The Green Hornet
If nothing else in “The Green Hornet” entertains you, there is a sequence about midway through that will do it. It’s an obligatory “friends fight” scene where all of the tensions that have built up to this point are released–in this case, in a flurry of fists and kicks between Britt Reid (the loser playboy who becomes The Green Hornet, and is played by Seth Rogen) and Kato (the mechanic/coffee maker/sidekick played by Jay Chou). It’s not any story tension that makes this scene work but the idiotic absurdity of how it plays out. Watching it, I couldn’t help but think that the scene would have been perfectly at home in “Pineapple Express,” the “stoner action movie” Rogen co-wrote with Evan Goldberg before they adapted this cult superhero for the screen. It also would have made sense in a movie like director Michel Gondry’s previous film, “Be Kind Rewind,” had that film been so inclined to include such a moment.
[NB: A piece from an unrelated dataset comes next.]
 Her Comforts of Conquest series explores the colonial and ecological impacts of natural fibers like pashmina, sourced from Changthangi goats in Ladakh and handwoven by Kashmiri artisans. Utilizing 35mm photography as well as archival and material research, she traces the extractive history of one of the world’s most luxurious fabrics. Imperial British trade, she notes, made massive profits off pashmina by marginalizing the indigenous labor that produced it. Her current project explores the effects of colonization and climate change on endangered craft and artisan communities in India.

If that moment is a perfect microcosm of what could have been when putting Gondry together with a script by Rogen and Goldberg (who also wrote “Superbad”) for a superhero movie, the rest of the movie is a lesson in what was perhaps inevitable in such a collaboration: moments of lunatic inspiration (largely because of Gondry’s staging and visual finesse) between stretches of flawed execution. Of course, that practically sums up Gondry in a nutshell: save for the sad, sweet perfection of his 2004 film “Eternal Sunshine of the Spotless Mind,” the French director’s filmography (however entertaining) is a spotty blend of whimsy and weird comedy, whether it’s his 2002 debut “Human Nature,” his 2006 love story “The Science of Sleep,” or “Be Kind Rewind.” Make no mistake: I have a soft spot for all of those films no amount of Hollywood drivel could fill. But like Spike Jonze (another music video visionary who has been blessed with rich material for his feature films), no amount of technical perfection can mask an inherent imperfection with material that swings for the fences to show us something new.
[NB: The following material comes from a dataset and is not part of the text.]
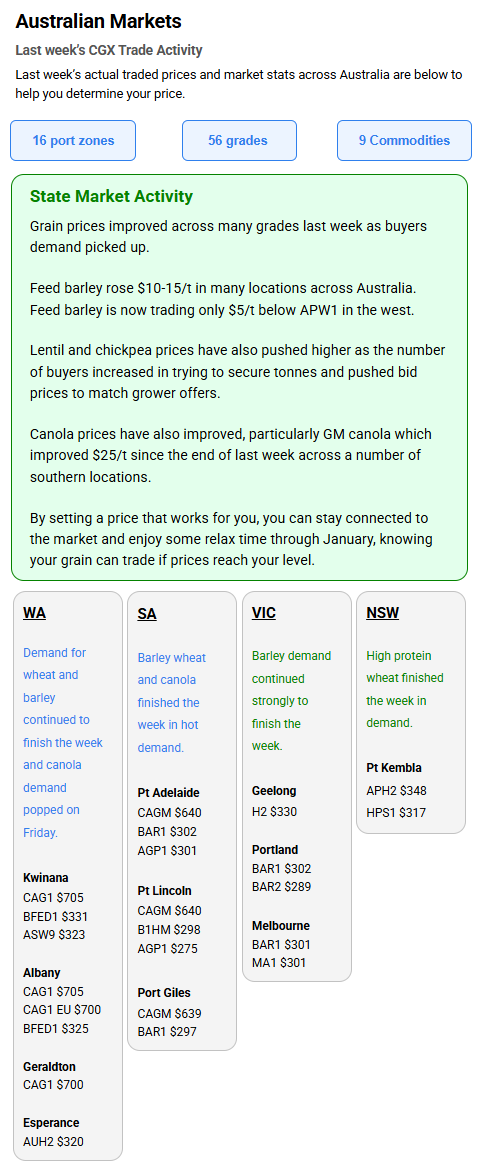 Australia’s independent grain report—designed to help support your pricing decisions before the market opens at 10:00am AEST. If you need to change your offer price, simply edit it before market open.
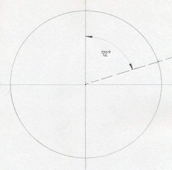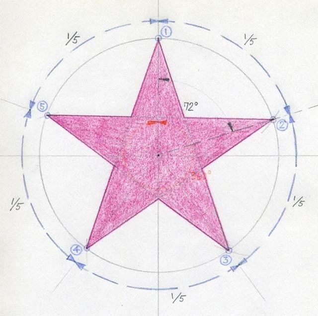 Usando um transferidor, marque um ângulo de 72 graus. O ponto de onde parte uma linha entre pontos do círculo é uma das 5 pontas da estrela.

With “The Green Hornet,” one feels as though Gondry was essentially a “director for hire” (and indeed, he stepped in when Rogen’s original choice, “Kung Fu Hustle’s” Stephen Chow, left the project). That lack of personal investment in the material is all-too-obvious much of the time, as we see Reid (the mess-up son of newspaper mogul James Reid, played by Tom Wilkinson) try to become a responsible adult when his father dies unexpectedly. That sense of duty from knuckle-headed tomfoolery is a perfect vehicle for Rogen, whose cluelessness-to-adulthood persona is an exact match for this material. Watching him in the middle of a story meeting at his father’s newspaper is a great example of what Rogen brings to this movie that few other actors could.
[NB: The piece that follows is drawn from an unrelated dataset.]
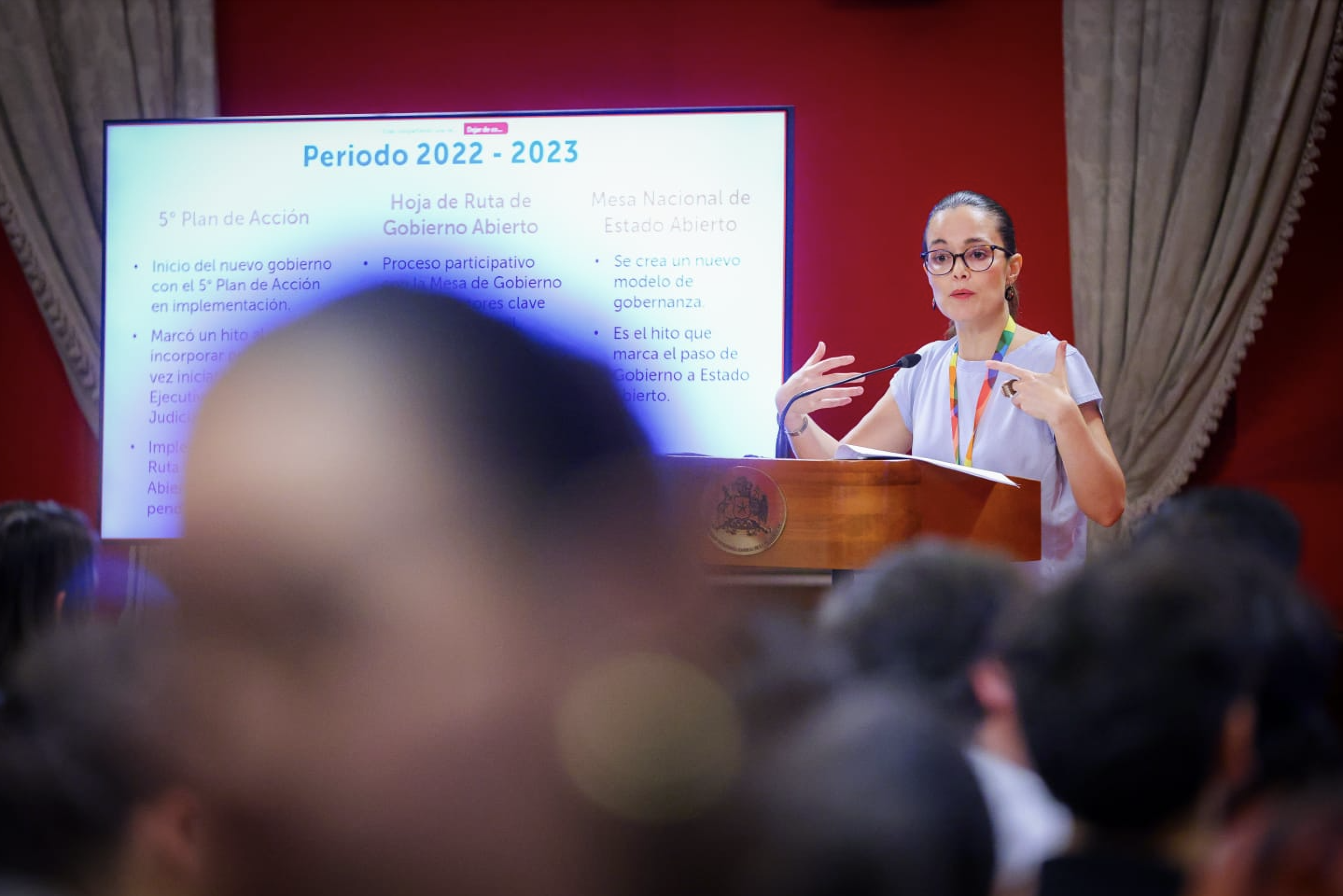 La actividad fue encabezada por la ministra secretaria general de la Presidencia, Macarena Lobos, junto al subsecretario y presidente de la Mesa Nacional de Estado Abierto, Nicolás Facuse, y contó con la participación de la secretaria ejecutiva de la Comisión de Integridad Pública y Transparencia, Valeria Lübbert.

What I didn’t see coming is the way the movie portrays Kato (the role played by Bruce Lee on TV) in much of the same light. While I was expecting Kato to be a fountain of wisdom and a window into his father Britt never really saw, I was surprised when Kato is not dissimilar to Britt in his opinion on the elder Reid. Chou plays the role perfectly as written, especially when Lenore Case (the ill-conceived character played by Cameron Diaz) comes to work for Britt at the newspaper, and both Reid and Kato find themselves attracted to her. But can they set the tensions that arise from that triangle aside long enough to fight a purveying corruption and criminal underworld that is boiled down to the personage of Chudnofsky (played by “Inglourious Basterds’s” Oscar-winner Christoph Waltz in a gleefully-hammy turn of evil)?
In the end, Rogen and Gondry’s vision of “The Green Hornet” may not work as a whole, but there’s more than enough gonzo moments of action and comedy (aided by John Schwartzman’s terrific cinematography and James Newton Howard’s high-energy score) to keep you watching, regardless of whether or not you buy into the premise.